Welcome to Lee Murray’s New Zealand Speculative Fiction Show, an interview series featuring star acts from NZ’s science fiction, fantasy and horror community, including news, insights, and sneak-peeks of their latest performances.
Today my guest is award-winning Kiwi-Australian author Lucy Sussex, who writes speculative fiction, non-fiction, and true crime, as well as being a formidable editor, reviewer, academic and teacher. Lucy talks to us about the notion of hiraeth in fiction and, in particular, how this concept relates to the work of New Zealand genre writer Fergus Hume.
Hiraeth...
Is a Welsh word meaning longing for a lost place. I have been told the house and garden of my childhood, in Christchurch New Zealand, got razed by a developer/destroyer some time back. But it remains with me.
My other hireath is Erewhon station, where we holidayed. It still exists, and has a speculative fiction connection, being once owned by British utopianist Samuel Butler. Mind you, when I set a utopia in the Mackenzie country, it proved a future with polyandry, for ecological reasons.
The imagination plays such tricks; and if we can situate weirdness in green and beloved settings, so much the better. Consider Weta Studios—worldwide filmgoers are now familiar with the Aotearoan landscape from the Lord of the Rings trilogy. (Even if those with familiarity can mutter: why do they go down the Waikato and end up in Canterbury?)
However, as my research in 1800s writing shows, if Antipodean writers used their hiraeth for settings, it tended not to be for export, or for long. The cultural cringe meant that writing about Grong Grong or Te Aroha was ‘provincial’. The overseas market required an author to blend in. As the artist Lionel Lindsay was told (and I paraphrase): 'The British public is not much interested in anything but itself.'
Is today’s situation better? Antipodean audiences are small, and survival means interesting the overseas market. Ngaio Marsh did so, although losing much of her NZ content. Arthur Upfield didn't--but then he was an expatriate Brit long resident in Australia.
What fuels the fiction and makes it distinctive can work against it in the global market. There are of course exceptions, which keep us hopeful, if nothing else.
One NZ writer who conquered the world was Fergus Hume, author of the best-selling crime novel of the 1800s, The Mystery of a Hansom Cab. I wrote Blockbuster about its success, and Hume’s life--he turned out to be gay. Blockbuster mixed biography and book history. It won a history award in Australia and got shortlisted for a Ngaio.
Growing up in Christchurch, I never heard of Hume. He wasn't a source of national pride, as he abandoned NZ settings early. The Hansom Cab was set in Melbourne, where Hume moved to seek his fortune. The book remains still a formidable evocation of place, something crucial to the crime genre.
That the Hansom Cab broke the rules and sales records was due to a genius publisher/publicist called Fred Trischler. If Hume was from Dunedin, where his father ran the lunatic asylum, then Fred was associated with Christchurch.

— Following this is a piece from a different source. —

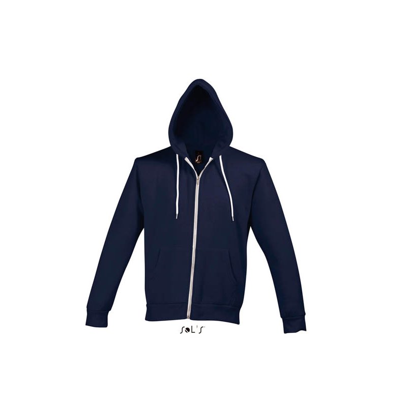 Світшот унісекс на блискавці з капюшоном з білим контрастним шнурком. Вшивний рукав;

It was his nous, backed by dubious money, which took the Hansom Cab to London, and made it an international sensation.
Fred Trischler's operation is a perfect object lesson on how to make a small press go gangbusters. Even now it makes publishers grin.

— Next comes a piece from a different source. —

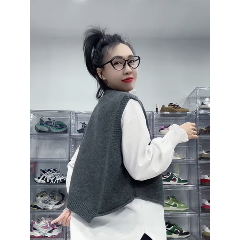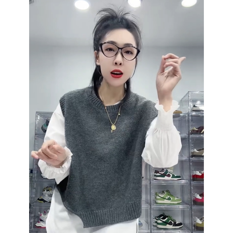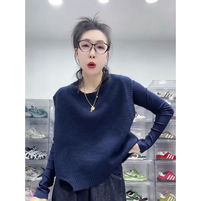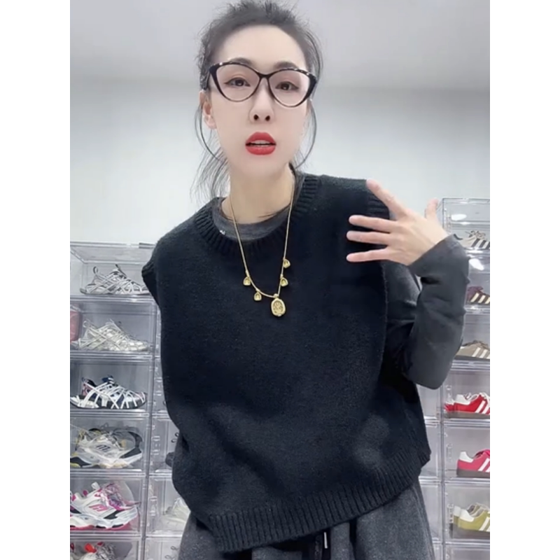 📚 2025秋季新款不规则圆领坎肩针织马甲女宽松别致短款叠穿毛衣背心
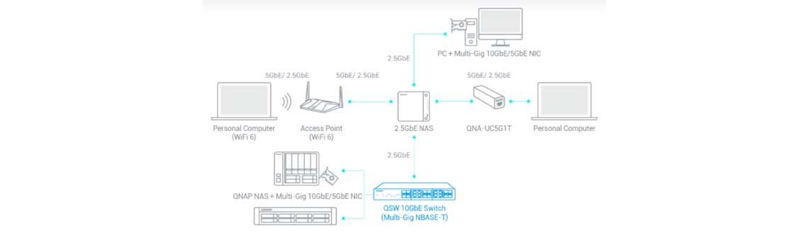 Switches 2,5 GbE+: Os switches 10GbE / NBASE-T QNAP suportam 10G/5G/2,5G/1G/100M e permitem conectar vários computadores e estações de trabalho em ambientes com muitos dispositivos.

There were other sides to Hume. His 140 books include horror, speculative fiction, and fantasy. My favourite is ''A Colonial Banshee", a short story which is perhaps his only work to be set wholly in the South Island. It also has the same idea as Gaiman's American Gods, over a century later. Here, I suspect, is Hume's personal hiraeth. The narrator climbs to the top of Ben Lomond:
“There I was accustomed to sit for hours among the ice and snow watching the Earnslaw glacier flashing like a mirror in the sunlight, and the snowy range of the Southern Alps standing like fairy lace-work against the clear blue sky”.
Hume said he “belonged” to New Zealand, but he left and never returned.